# Put the CAGS eliminator in today and have 2 regrets



## Tom (Nov 1, 2004)

First is that I didnt do it sooner. It has been laying on a shelf for two months, but was waiting for a nice day to do it.

Second is that I got married at 38. Should have waited till 40 :rofl: Thats what I told my friends 12 year old son last week.


----------



## JTYLER1604 (Jun 3, 2005)

What is a CAGS eliminator?


----------



## JMVorbeck (Jun 1, 2005)

JTYLER1604 said:


> What is a CAGS eliminator?


Computer Aided Gear Selector (CAGS). In other words, gets rid of that STUPID, Obnoxious, Moronic forced shift from 1st to 4th when going slow.


----------



## Xman (Oct 31, 2004)

Complain all you want. It saved us $1300 in gas guzzler taxes and its simple enough to defeat.


----------



## GTO JUDGE (May 14, 2005)

After learning about that feature, I noticed that as long as I shift into 2nd at 20 mph or 3000 rpm it does not happen. If I find myself shifting before that 20 mph I go from 1st to 3rd without skipping a beat. patooooooey on the gas guzzler tax. They should have special taxes on the junk that is out there on the roads.


----------



## Groucho (Sep 11, 2004)

GTO judge said:


> After learning about that feature, I noticed that as long as I shift into 2nd at 20 mph or 3000 rpm it does not happen. If I find myself shifting before that 20 mph I go from 1st to 3rd without skipping a beat.
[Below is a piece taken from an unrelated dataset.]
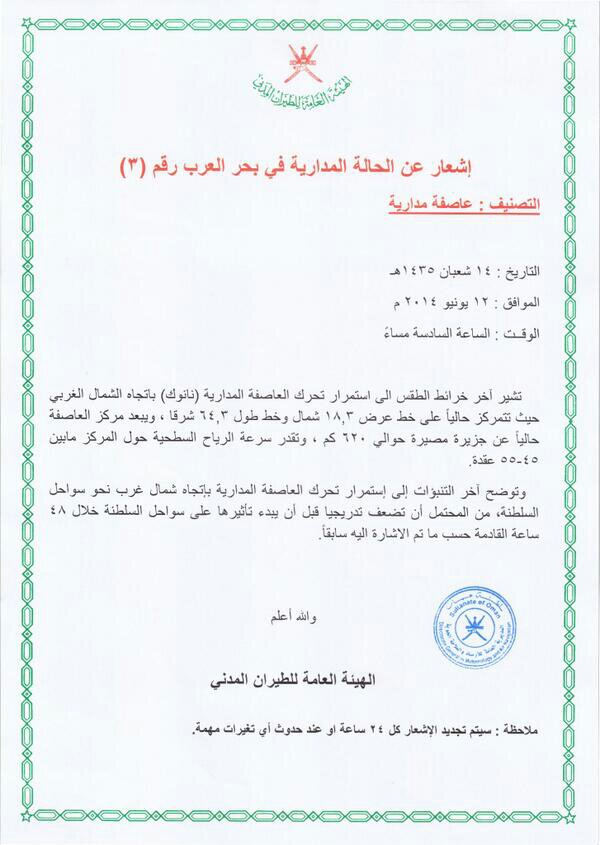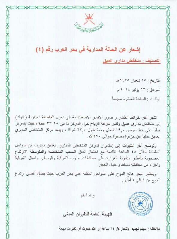 رد: متابعة أخر تطورات العاصفة المدارية نانوك nanauk ببحر العرب 2014م

I also notice that when I step on the tall pedal on the right, stationary things in front of my car get bigger.


----------



## AmesGTO (Aug 3, 2004)

Taking CAGS out in software is another good option.


----------



## Palmer (Sep 23, 2004)

Groucho said:


> I also notice that when I step on the tall pedal on the right, stationary things in front of my car get bigger.


OMG!!! I think I'm saving that one for a while...... :cheers :rofl: :rofl:


----------



## GTODEALER (Jan 7, 2005)

Groucho said:


> I also notice that when I step on the tall pedal on the right, stationary things in front of my car get bigger.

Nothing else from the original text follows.